Artificial Intelligence (AI) has shown considerable potential in improving
PCOS diagnosis and management. Key AI concepts such as machine learning,
computer vision, deep learning, and natural language processing are discussed in the
chapter. AI has proven invaluable in the prediction and diagnosis of PCOS, with
studies showing high accuracy using AI-based models. Algorithms analyze ultrasound
images, scleral images, and other clinical parameters, although the final diagnosis still
requires an expert clinician. Machine learning algorithms, including Random Forest,
have been beneficial in classifying PCOS and predicting sub-phenotypes.
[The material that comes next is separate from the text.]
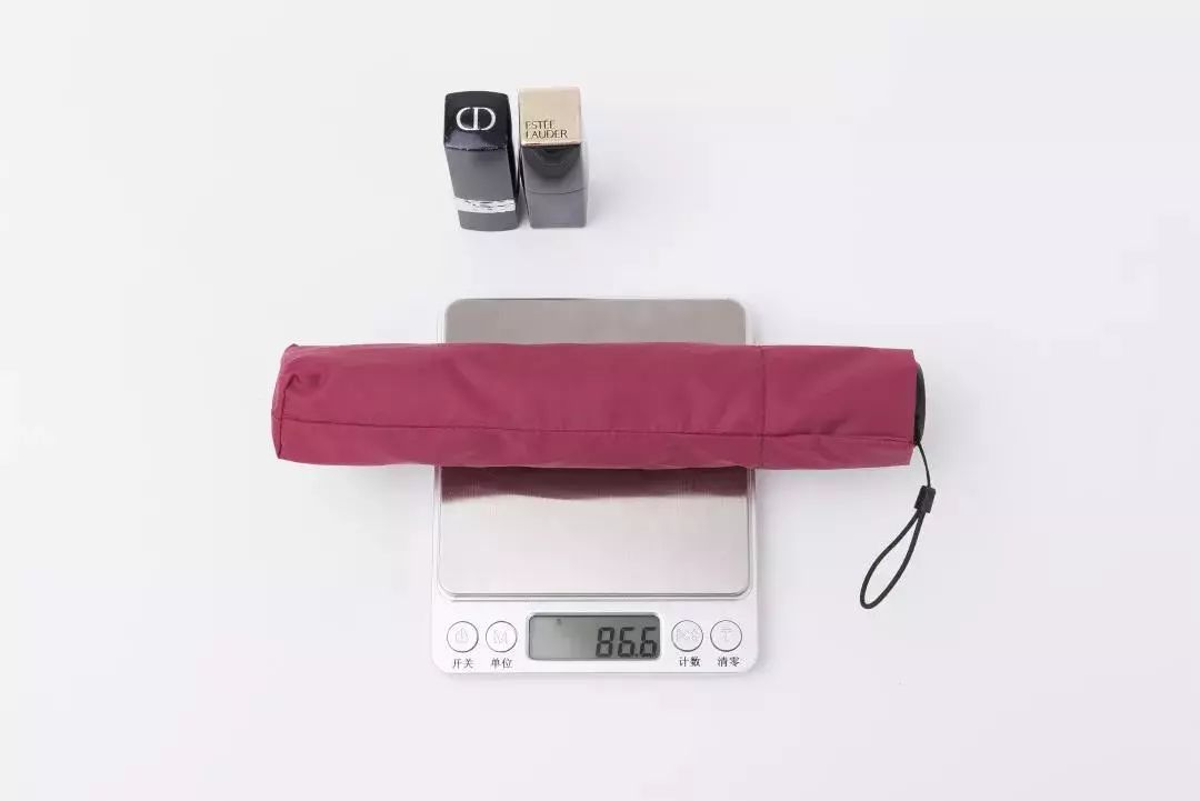 这把伞是富尔顿2019年新升级防晒伞,独特之一就是非常的轻,可以说是颠覆性的轻。到底有多轻呢?它包含伞套,也仅仅只有86.6g!相当于两只口红的重量。

AI also aids
in managing PCOS and its complications, analyzing endometrial immune cells,
predicting complication risks, recommending diet interventions, and developing early
detection systems. Large language models like Chat GPT and Google Bard play crucial
roles, offering literature reviews, answering questions, generating patient education
material, and facilitating personalized treatments. The future of AI in PCOS suggests a
need for more collaboration between technology and clinical medicine researchers,
converting clinical research into practical software, and adopting a multimodal AI
approach. These advancements could significantly transform PCOS care and deepen
our understanding of the disease.
Keywords: Artificial intelligence, ChatGPT, Computer vision, Convolutional Neural Network, Deep learning, Diagnosis, Large-language models, Machine learning, PCOS phenotypes, PCOS, Polycystic ovary syndrome, Precision medicine.